[Excerpts from a dataset]
────────────────────
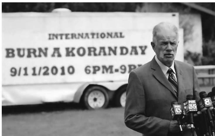
Obr. č. 18: Pastor Terry Jones s reklamou na kampaň vyzývající k pálení Koránu, Florida. Zdroj: Terry Jones, Quran Burnig & the Ground Zero Mosque . In: Strange Culture [online] 9. 9. 2010. [vid. 2013-11-10]. Dostupné z: http://www.strangecultureblog.com/2010/09/terry-jones-quran-burnig-ground-zero.html

Pragmatismus amerického náboženství se ale neprojevuje jen tímto poněkud kontroverzním způsobem. Za jeho součást či výraz je třeba považovat i takové skutečnosti jako pečlivá volba klíčových témat činnosti (praktické i ideové) konkrétních skupin. V tomto ohledu je tak například zmíněná The Jewis Climate Change Campaign stejně tak projevem náboženského aktivismu , jako výrazem pragmatismu „amerického náboženství“ . Podobných příkladů z dalších oblastí, jako jsou třeba ochrana lidských práv, sociální rovnost či naopak zdůrazňování „tradičních hodnot“ typu individualismu, bychom mohli jmenovat celou řadu.
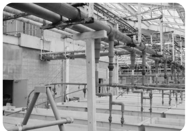
▲水産種苗生産センター内部

そこで、その調査結果についてであります。その要点を申し上げますと、1つ目は、建物本体につきましても主要構造部の鉄骨部分の板厚が設計厚に比べると約54%程度減っているという状況にあること。2つ目は、機械設備や電気設備などについては施設整備後30年以上経過し、腐食や錆びが発生し、部品の調達等も困難なものが非常に多いこと。3つ目は、海水の取水管、送水管などの取水設備は全体がさびで覆われており、腐食により箇所によっては穴が空いている部分もあり、管路の清掃や改修等を施して再生利用を目指したとしても、海中、海水対応設備の特殊性からして現状のまま再生利用することは難しいこと。ただし、南防波堤基部の水中に設置している海水の取水口につきましても砂や土砂で埋まること
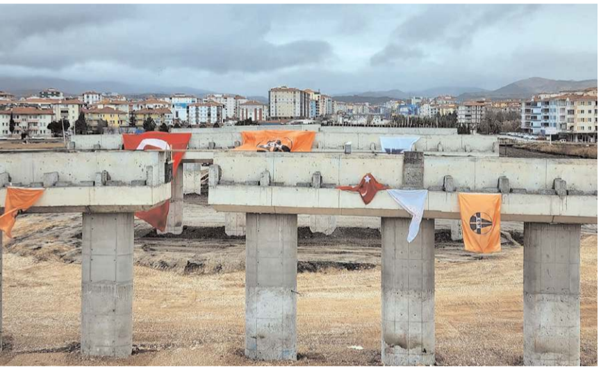
Akşemseddin Köprülü Kavşağı, 300 milyon liraya mal olacak.
────────────────────
**WHAT THE EXERCISE ASKS**
I would like the data above transcribed exactly, with its pictures left out.

**RESULT BELOW**
Obr. č. 18: Pastor Terry Jones s reklamou na kampaň vyzývající k pálení Koránu, Florida. Zdroj: Terry Jones, Quran Burnig & the Ground Zero Mosque . In: Strange Culture [online] 9. 9. 2010. [vid. 2013-11-10]. Dostupné z: http://www.strangecultureblog.com/2010/09/terry-jones-quran-burnig-ground-zero.html

Pragmatismus amerického náboženství se ale neprojevuje jen tímto poněkud kontroverzním způsobem. Za jeho součást či výraz je třeba považovat i takové skutečnosti jako pečlivá volba klíčových témat činnosti (praktické i ideové) konkrétních skupin. V tomto ohledu je tak například zmíněná The Jewis Climate Change Campaign stejně tak projevem náboženského aktivismu , jako výrazem pragmatismu „amerického náboženství“ . Podobných příkladů z dalších oblastí, jako jsou třeba ochrana lidských práv, sociální rovnost či naopak zdůrazňování „tradičních hodnot“ typu individualismu, bychom mohli jmenovat celou řadu.
▲水産種苗生産センター内部

そこで、その調査結果についてであります。その要点を申し上げますと、1つ目は、建物本体につきましても主要構造部の鉄骨部分の板厚が設計厚に比べると約54%程度減っているという状況にあること。2つ目は、機械設備や電気設備などについては施設整備後30年以上経過し、腐食や錆びが発生し、部品の調達等も困難なものが非常に多いこと。3つ目は、海水の取水管、送水管などの取水設備は全体がさびで覆われており、腐食により箇所によっては穴が空いている部分もあり、管路の清掃や改修等を施して再生利用を目指したとしても、海中、海水対応設備の特殊性からして現状のまま再生利用することは難しいこと。ただし、南防波堤基部の水中に設置している海水の取水口につきましても砂や土砂で埋まること
Akşemseddin Köprülü Kavşağı, 300 milyon liraya mal olacak.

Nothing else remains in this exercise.